Third-year business student Laura
Wilson was studying a few feet from where Milley fell. “It was really strange. I could hear from his iPod headphones he was listening to “Gangnam Style,” but otherwise I ignored him.”


“You could hear that song on almost everyone’s iPod — those kinds of headphones aren’t very good,” Wilson continued. “I tried to keep that song out of my head so I could focus on my finance homework, but even I found my foot tapping along.”


Apparently, hours before Milley’s fall, some students orchestrated a flash mob near the Science Theatres set to the Korean pop song.


Participant Kyle Groves doesn’t remember much besides hearing the “bass start to drop.”


“There was a fraternity nearby raising money for something and then they put on “Gangnam Style.” All of a sudden I lost control of my body,” said Groves. “I started hopping in line with other students.”


“It was all in a haze of K-pop,” said Groves.


Reports of trance-by-Gangnam-
Style have been reported across the globe.

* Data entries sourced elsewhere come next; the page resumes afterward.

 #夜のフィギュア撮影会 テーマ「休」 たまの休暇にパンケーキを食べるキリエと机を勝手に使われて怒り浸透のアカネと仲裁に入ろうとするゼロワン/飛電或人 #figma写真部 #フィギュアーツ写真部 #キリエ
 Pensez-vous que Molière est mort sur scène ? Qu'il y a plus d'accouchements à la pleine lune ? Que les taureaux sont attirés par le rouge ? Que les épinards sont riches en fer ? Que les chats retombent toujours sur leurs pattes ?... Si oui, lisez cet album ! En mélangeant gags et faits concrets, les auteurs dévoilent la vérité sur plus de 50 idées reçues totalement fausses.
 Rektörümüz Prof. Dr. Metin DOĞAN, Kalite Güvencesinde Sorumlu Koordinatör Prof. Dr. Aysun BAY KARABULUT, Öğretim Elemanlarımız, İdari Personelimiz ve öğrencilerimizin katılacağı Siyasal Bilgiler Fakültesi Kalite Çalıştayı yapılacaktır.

Most recently, in 
Miami, Florida, a group of people Gangnam-styled into the nearby ocean spontaneously when a car drove by blasting the said song.

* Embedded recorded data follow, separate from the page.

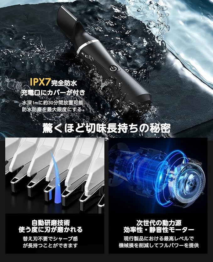 ・【切れ味を長持ち・IPX7防水】航空宇宙材料のコーティングを塗布したボディシェーバーは、刃の耐久性と切れ味を両立しています。自動研磨機能により、刃を交換しなくても常にシャープな剃り味が持続。替刃代が高いカミソリの代替品を探す方に推薦!IPX7基準をクリアした防水設計と、構造刃を外さずに毛クズと皮脂を洗い流せる「目詰まりづらい」ボディ構造で、都度しっかり汚れを取り除きましょう。Leazppyはお手入れ簡単というニーズを深掘りし、洗練された2024革新メンズシェーバー!
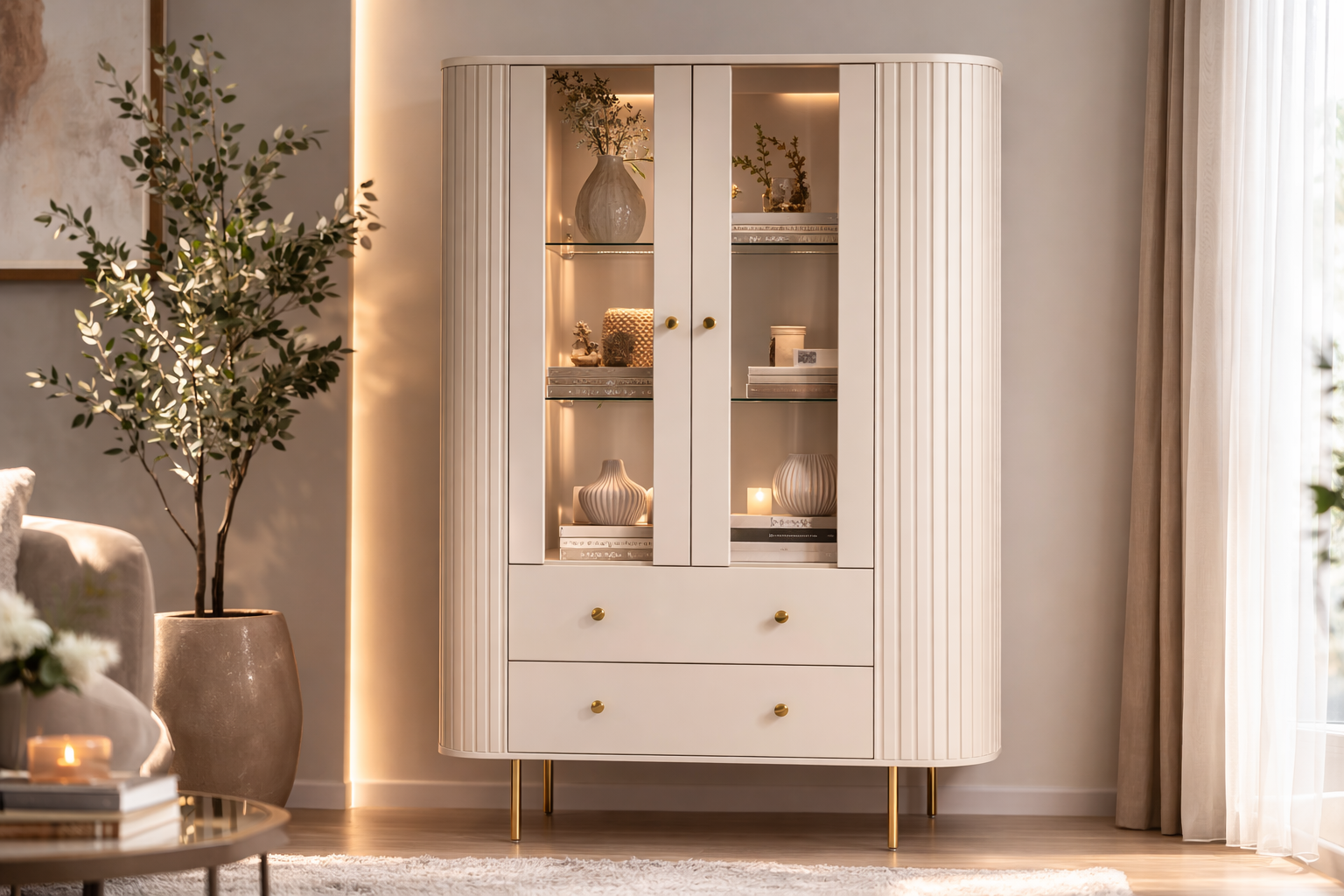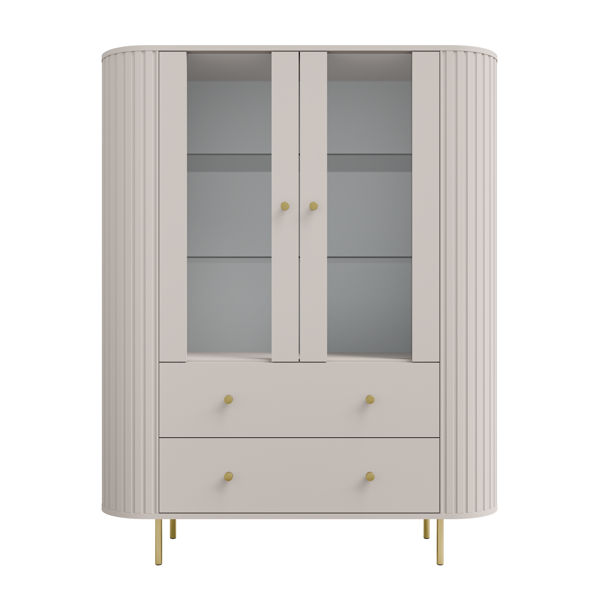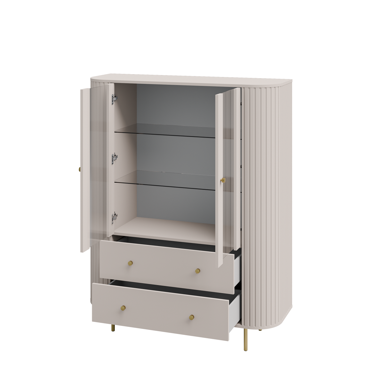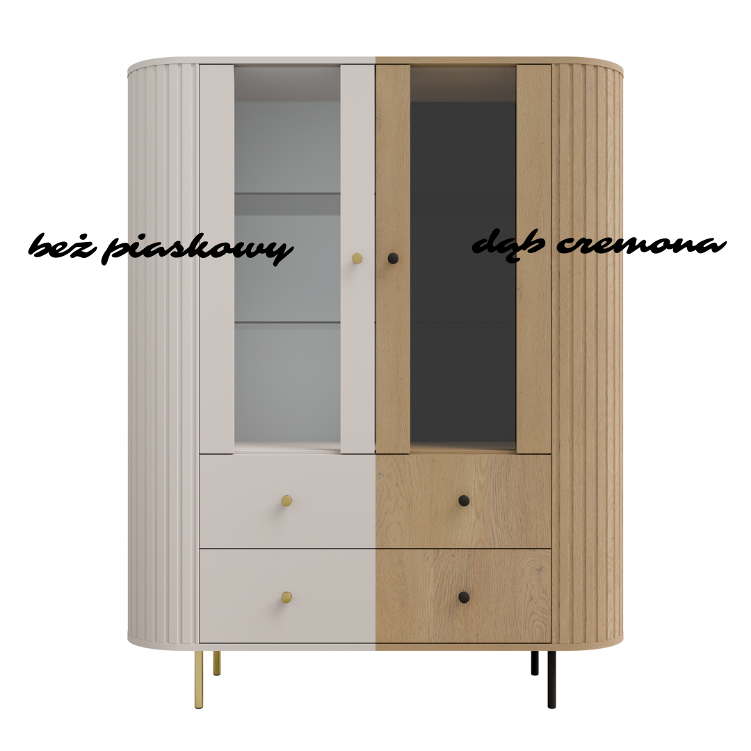Z pewnością witryna LAMELLE 122 to połączenie elegancji i funkcjonalności, dostępne w dwóch wariantach kolorystycznych. Wersja beż piaskowy + złote dodatki wprowadza do wnętrza lekkość i subtelną elegancję, natomiast dąb cremona + czarne dodatki nadaje aranżacji naturalny, cieplejszy charakter z wyrazistym, nowoczesnym kontrastem. Bez wątpienia ryflowane fronty podkreślają dekoracyjny styl mebla w obu odsłonach. To idealny wybór do salonu, jadalni lub gabinetu.
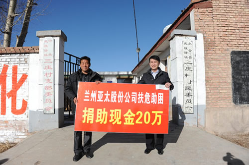 兰州亚太股份公司扶危助困向永登三庄村农村基础建设捐款二十万元
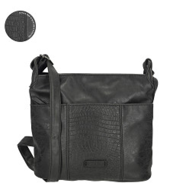 Stylová crossbody kabelka Enrico Benetti Josie v černé barvě, ideální pro každodenní nošení. Vyrobena z odolného PU materiálu s rozměry 28x11x25 cm.
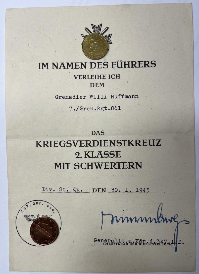 KvK II m.Schw. citation of 'Grenadier' Willi Hüffmann who served within Gren.Rgt.861 of the 347.Inf.Div.By the time this citation was signed by 'Generalleutnant' Wolf Trierenberg (DKiG 5-5-1942,RK. 10-5-1943) ,the 347.Inf.Div. was fighting in the Saarpfalz area.
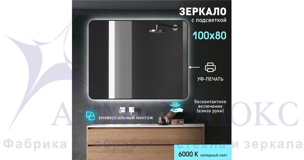 Зеркало с фоновой подсветкой, с торцевым датчиком движения и чёрной УФ-ок
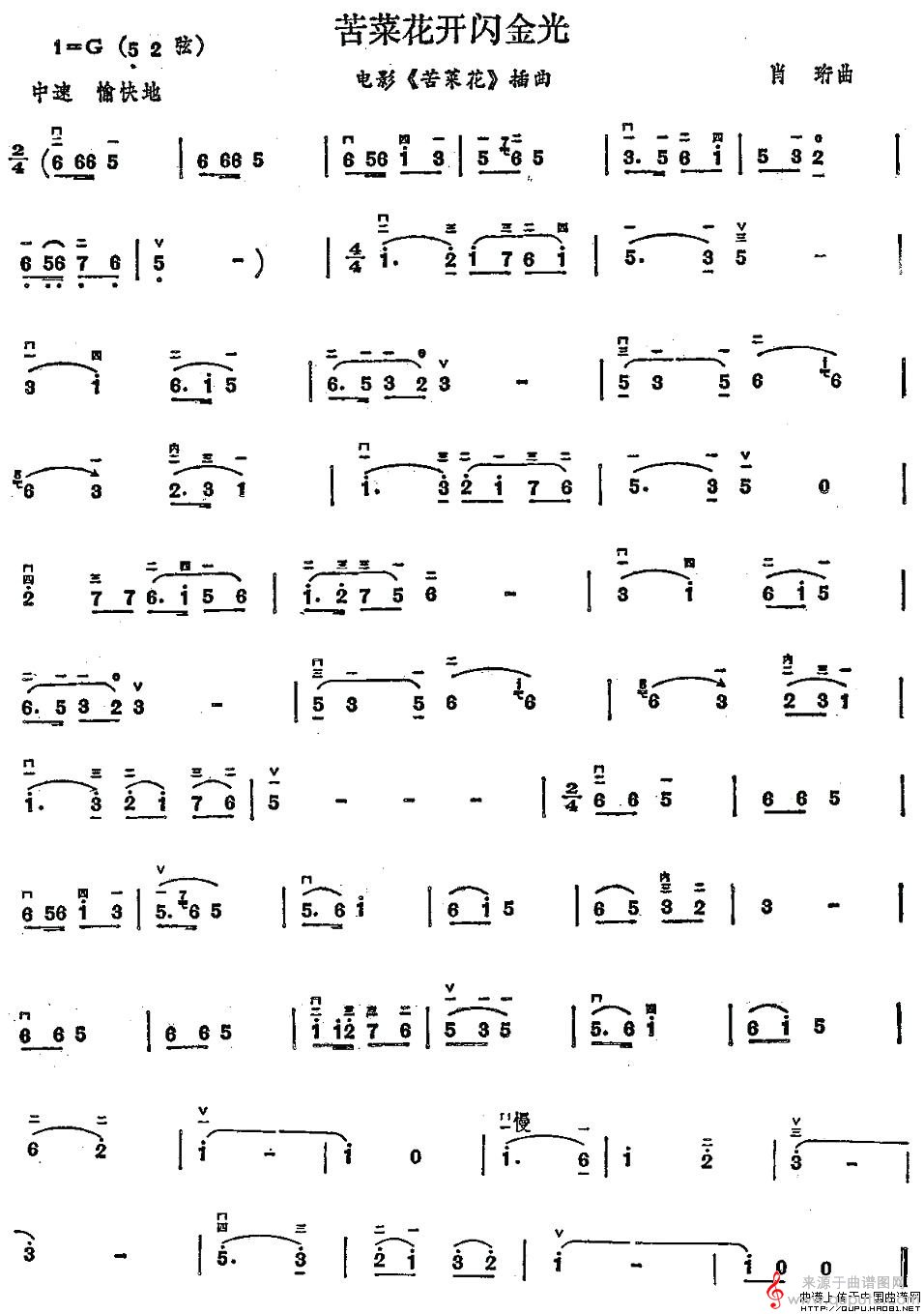 曲谱图网为您提供苦菜花开闪金光(电影《苦菜花》插曲苦菜花开闪金光简谱胡琴谱)找谱子,就上曲谱图网。

U of C anthropology professor Carolyn York cited ancient tribal rituals as a possible explanation.


“When a tribal dance would begin, the entire clan would join in together in some way, be it by clapping along to the beat or dancing,” York said. “In this way, the tribe was able to band together in trying times. Whether the tribe would practice the ritual for more rain or for courage before a battle, it was important to bring the tribal community closer together.”

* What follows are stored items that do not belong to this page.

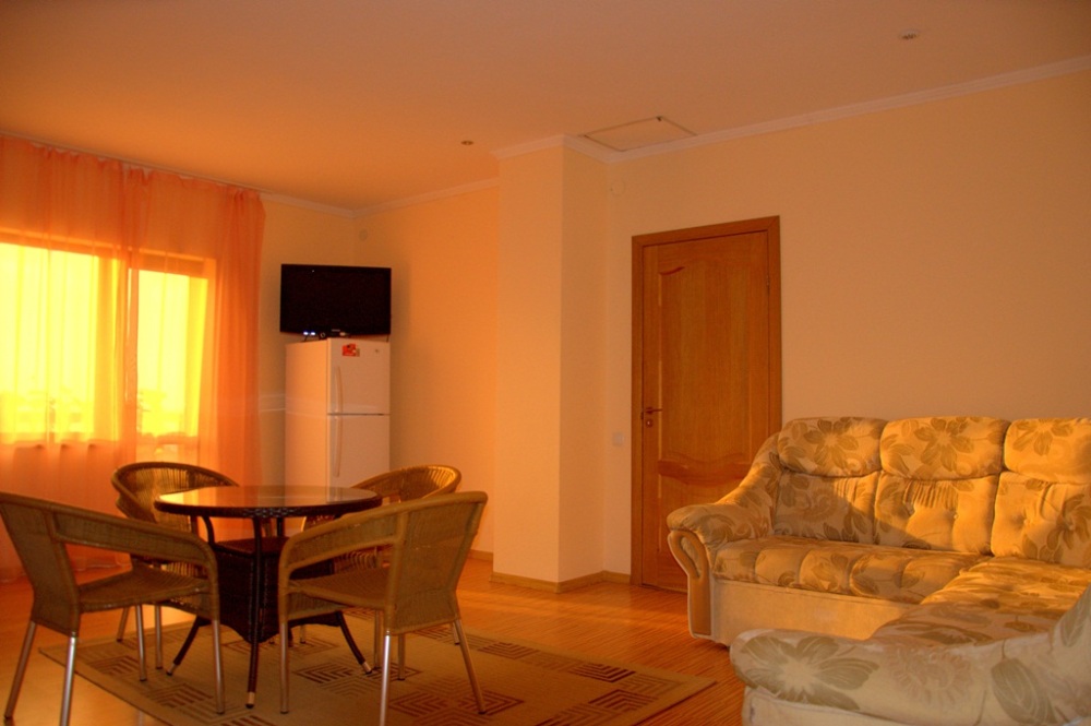 Апартаменты VIP - двухкомнатный номер с индивидуальной кухней. Находится на первом этаже двухэтажного корпуса, с индивидуальной зоной отдыха (беседка, мангал).
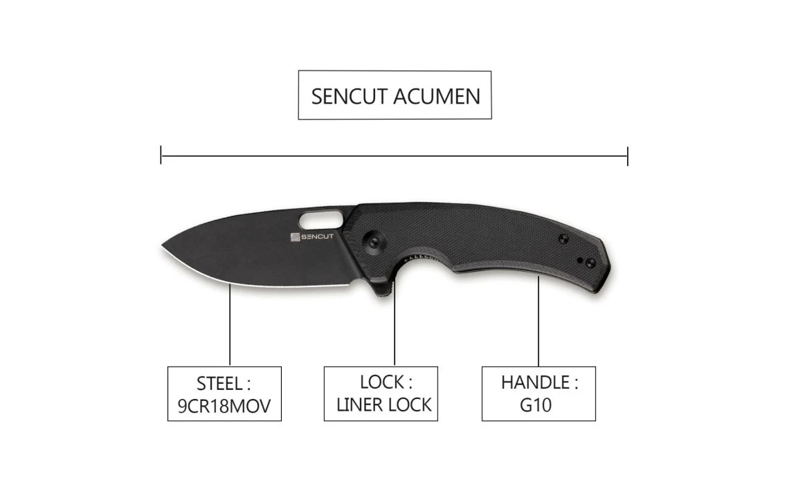 The Acumen by Sencut is a flipper knife sporting a beautifully contoured handle and a wide drop point blade. With to ways of opening it, this knife can be opened one-handed. This is a great Edc Knife that is dressed to impress. The 9Cr18Mov steel blade has great edge retention and corrosion resistance.
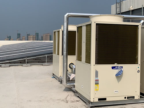 对于学校来说,热水系统是基础中里的基础。因为夏季天气炎热、日照时间长,很多学校为了省钱,一般安装太阳能热水器。这种热水器虽然用起来非常节能、环保、安全,但供水效果却不稳定,“看天吃饭”严重。尤其是现在,正是秋分之后,日照时间缩短,碰到雨水天气,大大影响了太阳能热水器的供水效果。因此近几年来,越来越多的南方学校选择使用“太阳能+空气源”双系统,或直接安装空气源热泵为学校提供热水。比如,徐州汉兴高级中学就使用了“太阳能+空气源”的方式,8台milan米兰超低温20匹热水机组为学校两栋楼,一栋4台,总配90吨的热水。
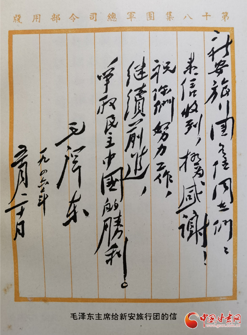 1946年5月20日,毛澤東主席給新旅回信:“新安旅行團(tuán)各位同志們:來信收到,極為感謝!祝你們努力工作,繼續(xù)前進(jìn),爭(zhēng)取民主中國(guó)的勝利。”時(shí)隔75年后的2021年5月30日,習(xí)近平總書記給新安小學(xué)的少先隊(duì)員們回信:“當(dāng)年,在黨的關(guān)懷和領(lǐng)導(dǎo)下,‘新安旅行團(tuán)’不怕艱苦,足跡遍及大半個(gè)中國(guó),以文藝為武器,喚起民眾抗日救亡,宣傳黨的主張,展現(xiàn)了愛國(guó)奮進(jìn)的精神風(fēng)貌。希望你們結(jié)合自身成長(zhǎng)實(shí)際學(xué)好黨史,以英雄模范人物為榜樣,從小堅(jiān)定聽黨話、跟黨走的決心,刻苦學(xué)習(xí),樹立理想,砥礪品格,增長(zhǎng)本領(lǐng),努力實(shí)現(xiàn)德智體美勞全面發(fā)展。”

York attributes Groves’s uncontrollable participation in the flash mob as an example of student urges to come together.


“Similar to Groves’s experience, members of tribes often couldn’t help but to join in on the dancing ritual,” added York.


However, U of C sociology professor Anton Gregory disagrees, instead pointing to the song’s music video as the source of young adults’ fascination.


“Clearly the video encapsulates all that the university student fears,” Gregory said. “Consumerist and environmentalist anxieties are all featured and mocked in this video. Swan boats? Dancing in garbage? Clearly this video shows all the horrors the average university student worries will come to pass.”


“The video might as well feature a post-apocalyptic world.”


According to Gregory, upon hearing “Gangnam Style” students lose control of themselves, expressing their anxieties through the dance choreography glorified in the video.


Milley, who recovered quickly after his fall, disagreed with Gregory, claiming it was “silly” to attribute “so-called anxieties” to his fall.


“I just really like the song, man,” Milley said.